Start of GIVEN RECORDS

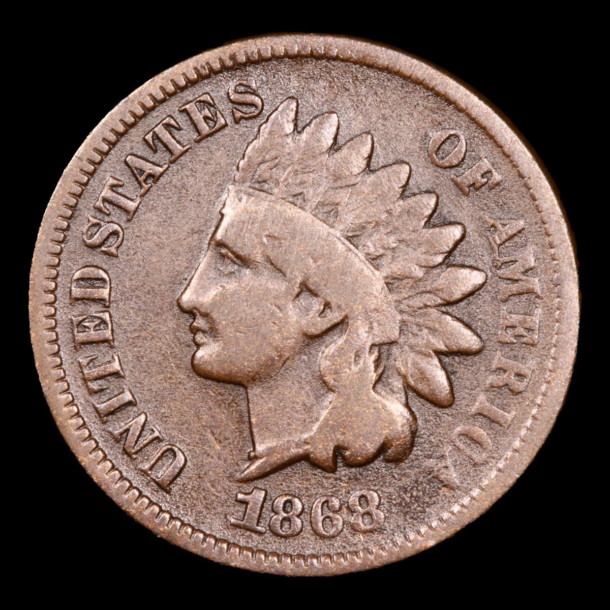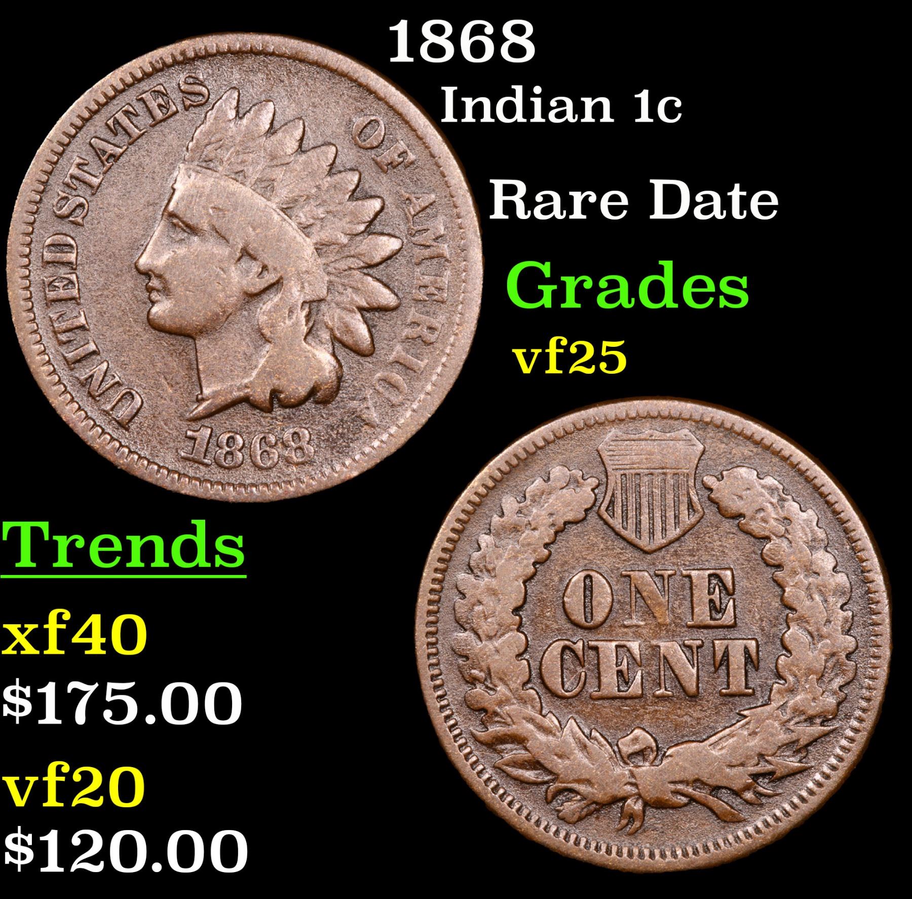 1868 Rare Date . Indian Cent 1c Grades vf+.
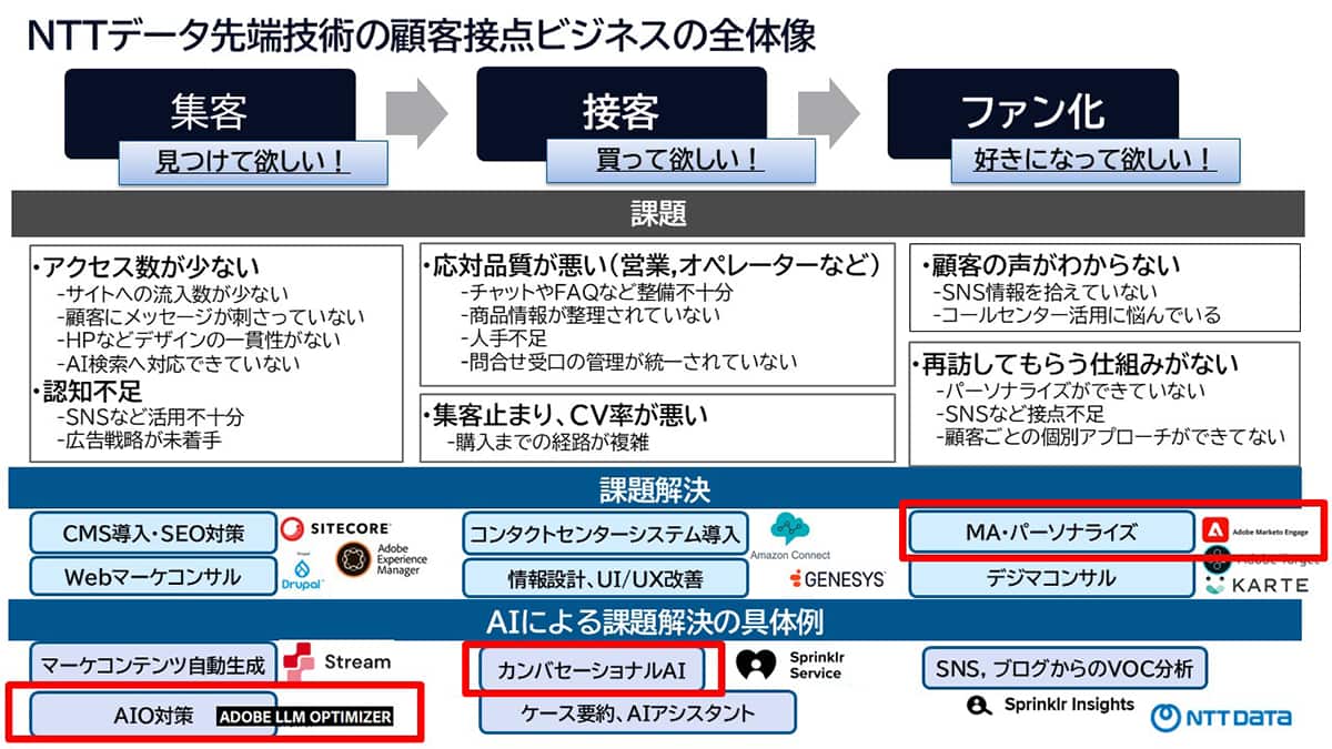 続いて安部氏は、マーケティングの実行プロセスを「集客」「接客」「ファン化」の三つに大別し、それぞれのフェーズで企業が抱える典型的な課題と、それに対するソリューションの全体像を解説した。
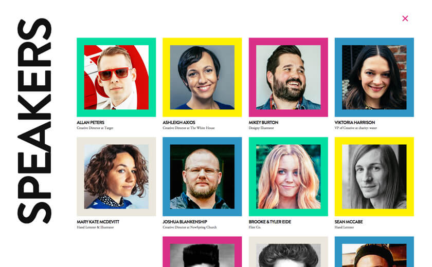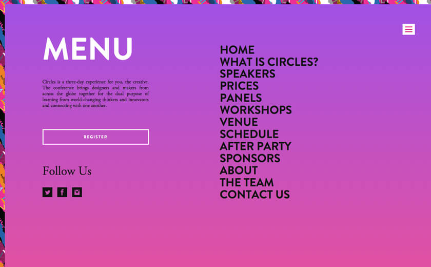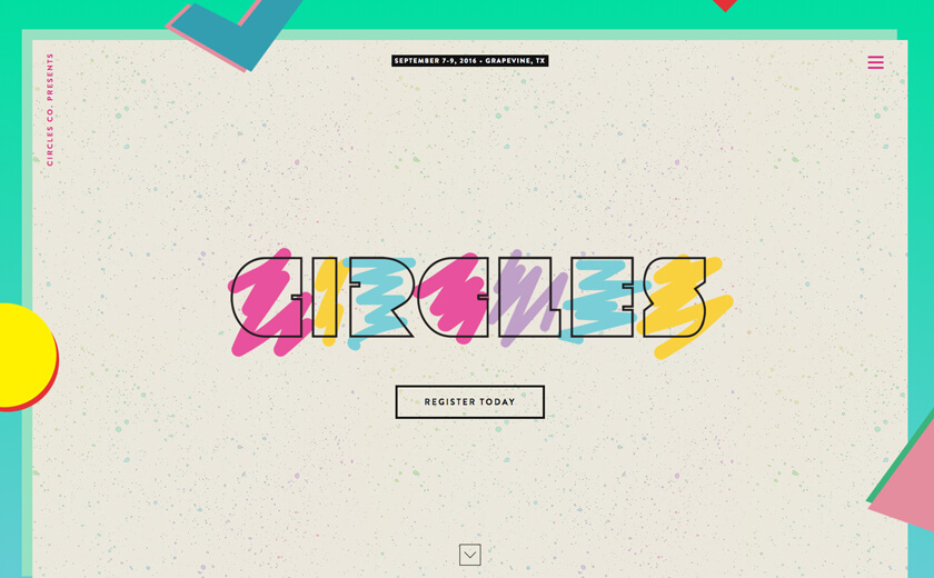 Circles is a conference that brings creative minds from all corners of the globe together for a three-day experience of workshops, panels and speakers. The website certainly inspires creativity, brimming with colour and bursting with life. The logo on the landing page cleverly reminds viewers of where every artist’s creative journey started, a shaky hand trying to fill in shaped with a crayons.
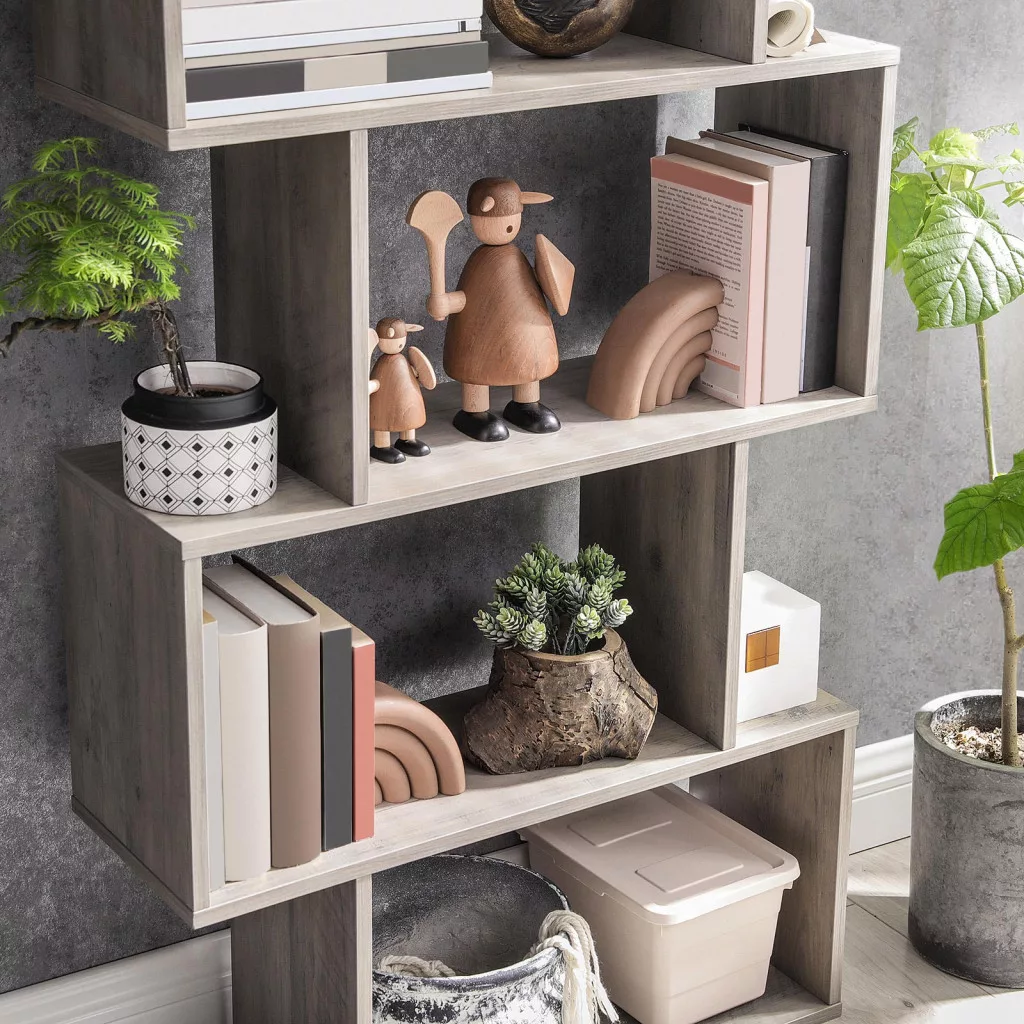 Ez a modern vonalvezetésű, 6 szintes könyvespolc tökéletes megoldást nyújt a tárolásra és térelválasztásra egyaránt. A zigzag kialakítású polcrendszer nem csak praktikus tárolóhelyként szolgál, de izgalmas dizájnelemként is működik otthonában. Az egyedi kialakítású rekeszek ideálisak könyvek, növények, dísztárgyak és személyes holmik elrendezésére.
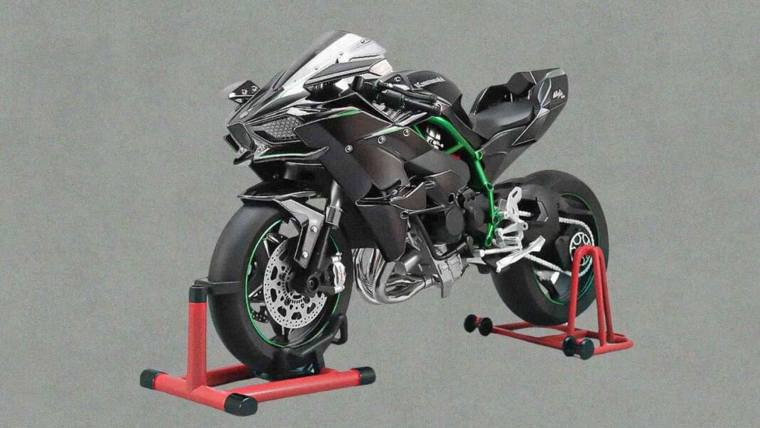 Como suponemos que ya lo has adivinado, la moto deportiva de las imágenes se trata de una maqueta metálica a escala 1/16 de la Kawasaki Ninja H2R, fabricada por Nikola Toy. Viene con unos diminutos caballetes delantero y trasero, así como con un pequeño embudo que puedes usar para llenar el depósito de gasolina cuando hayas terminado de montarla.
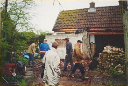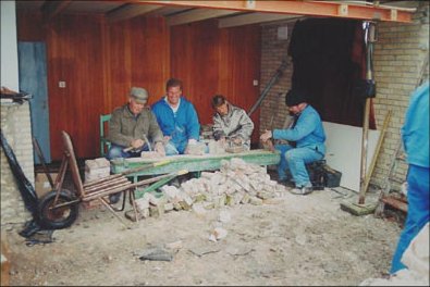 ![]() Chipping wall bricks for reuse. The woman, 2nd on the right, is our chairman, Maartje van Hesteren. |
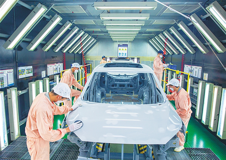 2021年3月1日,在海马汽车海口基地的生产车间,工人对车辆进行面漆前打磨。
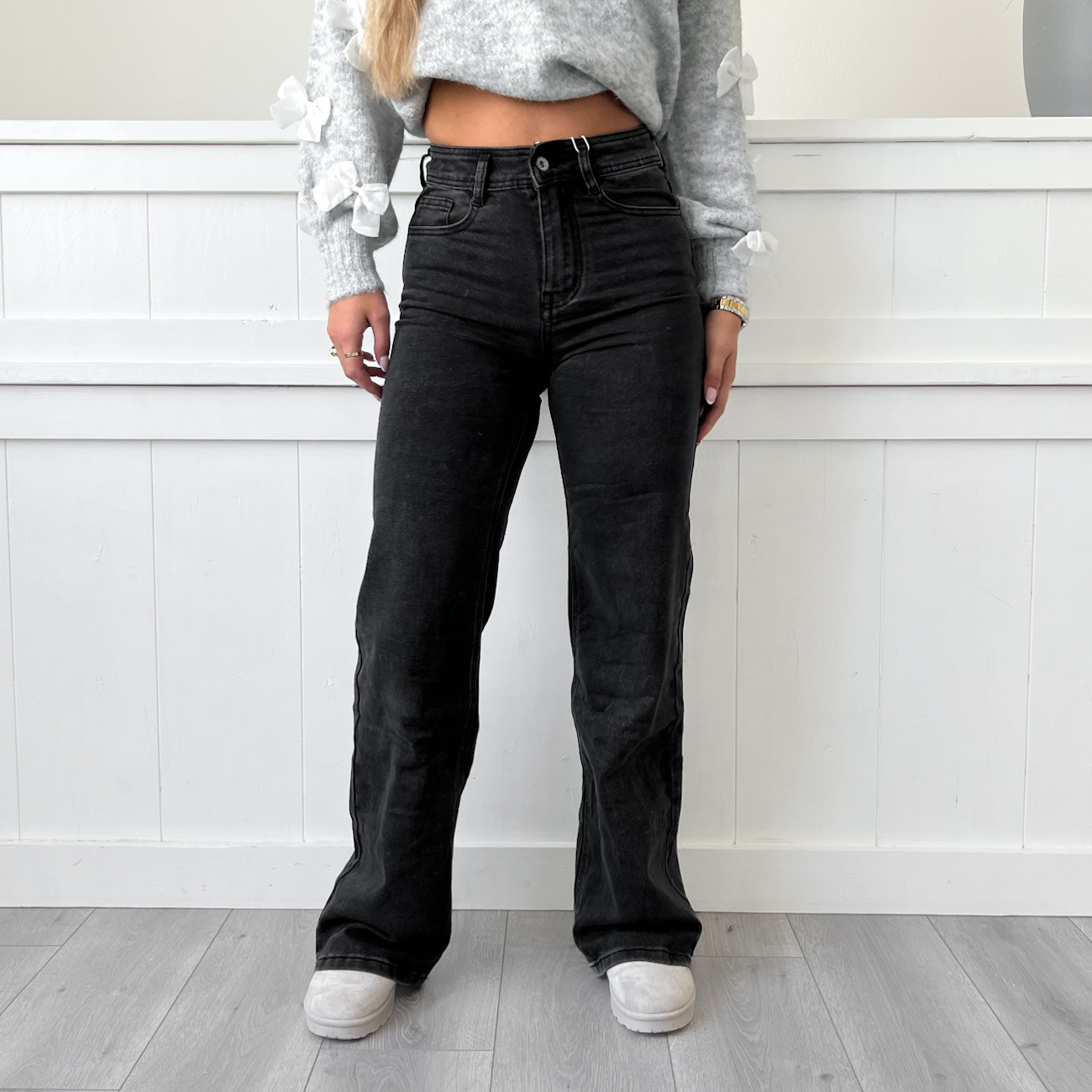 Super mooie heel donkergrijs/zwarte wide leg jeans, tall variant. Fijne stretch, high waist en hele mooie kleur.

End of GIVEN RECORDS

- [WHAT YOU HAVE TO DO] From the line containing "続いて安部氏は、マーケティン" through the last line of the entries, both included, print each line exactly and omit any picture.

- [WRITTEN SOLUTION]
 続いて安部氏は、マーケティングの実行プロセスを「集客」「接客」「ファン化」の三つに大別し、それぞれのフェーズで企業が抱える典型的な課題と、それに対するソリューションの全体像を解説した。
 Circles is a conference that brings creative minds from all corners of the globe together for a three-day experience of workshops, panels and speakers. The website certainly inspires creativity, brimming with colour and bursting with life. The logo on the landing page cleverly reminds viewers of where every artist’s creative journey started, a shaky hand trying to fill in shaped with a crayons.
 Ez a modern vonalvezetésű, 6 szintes könyvespolc tökéletes megoldást nyújt a tárolásra és térelválasztásra egyaránt. A zigzag kialakítású polcrendszer nem csak praktikus tárolóhelyként szolgál, de izgalmas dizájnelemként is működik otthonában. Az egyedi kialakítású rekeszek ideálisak könyvek, növények, dísztárgyak és személyes holmik elrendezésére.
 Como suponemos que ya lo has adivinado, la moto deportiva de las imágenes se trata de una maqueta metálica a escala 1/16 de la Kawasaki Ninja H2R, fabricada por Nikola Toy. Viene con unos diminutos caballetes delantero y trasero, así como con un pequeño embudo que puedes usar para llenar el depósito de gasolina cuando hayas terminado de montarla.
 ![]() Chipping wall bricks for reuse. The woman, 2nd on the right, is our chairman, Maartje van Hesteren. |
 2021年3月1日,在海马汽车海口基地的生产车间,工人对车辆进行面漆前打磨。
 Super mooie heel donkergrijs/zwarte wide leg jeans, tall variant. Fijne stretch, high waist en hele mooie kleur.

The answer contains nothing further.